Adding Zing to your Food
By Pantaleao Fernandes
The Goan taste bud is fine tuned to appreciate the spectrum of the sour taste to such an extent that even the least deviation from the precise taste in the food immediately draws the remark, “Ek pont amotsaan uni” or “ek pont amotsaan subjeb” (Just one bit less sour or just one bit extra sour). That’s because we are spoilt for choice by the number of souring agents that are available to the Goan kitchen, each adding that extra zing to the food.
And that was way before the arrival of packed masalas and taste makers and bottled pastes and flavours on the market shelves. Yes, the Goan mother had her own assortments of jars, packed with garnishing agents. More often than not, she had children numbering at least half a dozen and keeping them well fed and healthy was her passion and obsession.
My mother of six children was fortunate to have a little garden that aided her in cooking mouth watering delicacies to put on the dining table. Two very old bimbli trees grew, on either side of the house. These were short trees with numerous branches. The tree has compound leaves, with tiny leaflets growing on a long spine.
Bimbli produces beautiful, tiny, pink flowers which have a tangy taste. When they turn into tiny fruits, they too taste terrific. The acidic taste that spreads in the mouth made me pause and savour the flavour. The berry then matured and grew up to the size of the middle finger. When ripened they tasted good too.
Since there were no bimbli trees in the neighbourhood, our bimblis were in hot demand. Though prawn curry is an all time favourite, garnishing it with the bimbli enhanced the taste by several notches and had one lick the fingers after finishing the meal. They were cut vertically into as many sections as feasible and and tossed onto the prawn curry. I remember preferring the bimbli slices to the prawns and not a single grain of rice was left behind on the plate. Bimbi were also used to prepare a super pickle – balchão – which also used dried prawn powder a major ingredient and the combination was simply terrific!
Sollantulem is a very local pork delicacy named after Bindachim sollam (kokum peels) that are a zingy seasoning used to render a specific sourness. Not found on most hotel menus, Sollantulem is a well-guarded secret preparation found occasionally on the Goan dining table.
Red kokum berries dot kokum trees found in hilly areas as well as plains. The kokum berries are plucked and peeled. The seeds are dried and the oil extracted – bindel – is also used for a variety of purposes.
The peels are processed and dried before being sold in the markets, in demand for the unique flavour it rends to mackerel and sardine curries besides the uniquely Goan amot-tik (sour & spicy) curry. The sol-kody, an exotic digestive drink served after a meal is also prepared using the juice of the kokum berry. Unfortunately, the once commonly found kokum trees are now a rarity as not many farmers grow this tree.
Tamarind is the most commonly used souring agent in Goa. Tamarind trees which grow tall and thick and outlast the life span of a human once thrived all over Goa. Till today one comes across wards and hamlets that are named after the tamarind tree, but unfortunately the trees are on a decline with hardly anybody planting one.

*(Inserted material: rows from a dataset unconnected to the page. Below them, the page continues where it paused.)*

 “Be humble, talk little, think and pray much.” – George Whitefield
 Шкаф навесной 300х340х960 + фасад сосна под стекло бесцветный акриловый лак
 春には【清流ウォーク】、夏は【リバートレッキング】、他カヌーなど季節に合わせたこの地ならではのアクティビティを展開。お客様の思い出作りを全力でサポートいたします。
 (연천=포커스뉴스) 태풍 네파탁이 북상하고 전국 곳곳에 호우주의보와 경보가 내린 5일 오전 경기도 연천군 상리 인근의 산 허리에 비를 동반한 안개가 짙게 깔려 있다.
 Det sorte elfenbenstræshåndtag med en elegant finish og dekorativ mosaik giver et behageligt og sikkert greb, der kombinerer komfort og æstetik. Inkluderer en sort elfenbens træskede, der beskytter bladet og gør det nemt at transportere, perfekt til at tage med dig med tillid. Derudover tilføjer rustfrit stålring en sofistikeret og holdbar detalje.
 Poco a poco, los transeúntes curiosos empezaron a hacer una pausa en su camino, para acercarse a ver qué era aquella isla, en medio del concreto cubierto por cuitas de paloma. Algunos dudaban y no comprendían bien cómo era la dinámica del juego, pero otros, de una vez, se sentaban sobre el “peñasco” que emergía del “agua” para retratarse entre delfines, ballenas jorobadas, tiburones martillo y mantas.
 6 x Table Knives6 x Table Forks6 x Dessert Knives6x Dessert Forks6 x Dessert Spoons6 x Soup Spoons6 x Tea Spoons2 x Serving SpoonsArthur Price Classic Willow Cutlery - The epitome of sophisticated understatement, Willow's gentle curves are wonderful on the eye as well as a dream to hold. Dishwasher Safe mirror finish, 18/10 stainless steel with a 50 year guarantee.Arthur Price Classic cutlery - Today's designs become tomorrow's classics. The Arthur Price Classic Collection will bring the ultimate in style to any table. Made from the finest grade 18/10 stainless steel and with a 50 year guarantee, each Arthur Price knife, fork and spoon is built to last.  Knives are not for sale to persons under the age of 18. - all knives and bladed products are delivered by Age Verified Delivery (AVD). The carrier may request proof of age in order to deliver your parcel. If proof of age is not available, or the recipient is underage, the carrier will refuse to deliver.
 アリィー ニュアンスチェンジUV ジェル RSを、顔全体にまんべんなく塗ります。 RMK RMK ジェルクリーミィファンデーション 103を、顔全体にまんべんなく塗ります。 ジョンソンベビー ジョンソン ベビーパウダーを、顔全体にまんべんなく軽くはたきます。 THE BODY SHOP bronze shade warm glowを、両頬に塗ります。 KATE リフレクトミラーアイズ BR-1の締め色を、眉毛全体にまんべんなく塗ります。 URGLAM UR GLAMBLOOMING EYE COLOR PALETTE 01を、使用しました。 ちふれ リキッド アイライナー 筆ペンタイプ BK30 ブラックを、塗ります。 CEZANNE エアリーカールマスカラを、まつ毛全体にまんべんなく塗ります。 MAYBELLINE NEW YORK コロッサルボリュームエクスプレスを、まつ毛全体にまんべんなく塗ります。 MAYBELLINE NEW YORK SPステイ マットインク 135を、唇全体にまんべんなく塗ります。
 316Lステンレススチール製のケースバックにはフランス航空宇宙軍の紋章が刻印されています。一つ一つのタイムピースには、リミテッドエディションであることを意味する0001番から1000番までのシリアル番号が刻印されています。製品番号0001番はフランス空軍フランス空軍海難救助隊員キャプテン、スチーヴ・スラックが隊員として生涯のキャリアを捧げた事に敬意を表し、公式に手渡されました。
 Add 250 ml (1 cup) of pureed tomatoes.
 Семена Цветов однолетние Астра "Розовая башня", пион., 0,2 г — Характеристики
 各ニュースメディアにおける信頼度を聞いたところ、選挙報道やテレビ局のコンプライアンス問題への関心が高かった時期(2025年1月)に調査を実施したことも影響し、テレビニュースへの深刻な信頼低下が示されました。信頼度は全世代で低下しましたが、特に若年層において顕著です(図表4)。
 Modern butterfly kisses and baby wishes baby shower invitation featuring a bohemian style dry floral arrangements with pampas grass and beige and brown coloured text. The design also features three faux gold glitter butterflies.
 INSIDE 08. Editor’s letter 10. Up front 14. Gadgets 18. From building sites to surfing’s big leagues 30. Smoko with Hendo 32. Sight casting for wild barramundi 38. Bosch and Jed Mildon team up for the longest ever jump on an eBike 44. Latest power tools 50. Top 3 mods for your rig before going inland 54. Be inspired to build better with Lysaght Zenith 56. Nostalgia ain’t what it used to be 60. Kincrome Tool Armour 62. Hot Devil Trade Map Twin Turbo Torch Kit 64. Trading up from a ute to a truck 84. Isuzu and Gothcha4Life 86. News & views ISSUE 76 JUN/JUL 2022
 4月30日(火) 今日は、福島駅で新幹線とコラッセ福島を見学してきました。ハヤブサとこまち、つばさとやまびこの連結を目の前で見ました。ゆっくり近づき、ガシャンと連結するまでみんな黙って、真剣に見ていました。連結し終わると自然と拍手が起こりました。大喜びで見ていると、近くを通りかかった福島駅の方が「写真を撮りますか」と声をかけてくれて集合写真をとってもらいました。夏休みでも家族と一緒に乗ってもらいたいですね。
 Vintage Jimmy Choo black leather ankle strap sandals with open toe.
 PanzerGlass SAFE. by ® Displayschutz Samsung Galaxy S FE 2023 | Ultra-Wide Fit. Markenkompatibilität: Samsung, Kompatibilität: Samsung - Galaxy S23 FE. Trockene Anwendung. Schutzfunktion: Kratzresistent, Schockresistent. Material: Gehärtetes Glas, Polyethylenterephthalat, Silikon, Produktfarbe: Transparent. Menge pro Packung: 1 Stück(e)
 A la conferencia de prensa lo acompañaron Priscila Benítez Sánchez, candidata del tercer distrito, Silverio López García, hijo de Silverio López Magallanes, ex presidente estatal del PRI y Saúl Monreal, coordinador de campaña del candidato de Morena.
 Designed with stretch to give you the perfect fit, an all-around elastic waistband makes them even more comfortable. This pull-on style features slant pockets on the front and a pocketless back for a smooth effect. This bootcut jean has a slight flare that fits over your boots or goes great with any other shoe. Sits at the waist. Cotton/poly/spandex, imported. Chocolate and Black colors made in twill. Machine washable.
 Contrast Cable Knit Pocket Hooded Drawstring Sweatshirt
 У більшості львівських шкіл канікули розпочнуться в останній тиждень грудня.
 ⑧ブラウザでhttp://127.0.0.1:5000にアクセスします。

In the blazing summer if one walks in the shade of a chinch – tamarind tree – one is sure to find chinché botam – tamarind pods lying on the ground. The pods actually resemble fingers and hence the name. Whether raw or ripe, these are quickly picked and nibbled – the temptation is irresistible. If raw they taste very tangy. If ripe the taste is sweet and sour. The seed can be roasted and crunched.
The pods are shaken off the tree with a large pole and collected and dried. The hard shell is then flaked off along with the seed and other fibrous matter. The resultant tamarind is then dried and salted and make into balls to be stored for future uses as it lasts the whole year.
Another souring fruit which is popular among the forest dwellers is the otamb. These trees grow abundantly in the forests. The locals simply pluck the fruit when raw and after slicing and drying store it to flavour their food.
Most of us remember golden mango for the sweet taste that makes the hot summer season bearable. But then there are many trees that produce sour mangoes and therefore not edible. These mangoes are plucked when raw and cut into slices.
Even the seed is saved and the lot salted and dried. Fresh slices of these raw mangoes are used to prepare the amto – a prawn curry that is simply irresistible. When dried, the ambea sollam can swing a mundane meal of dry prawn curry towards an unforgettable feast!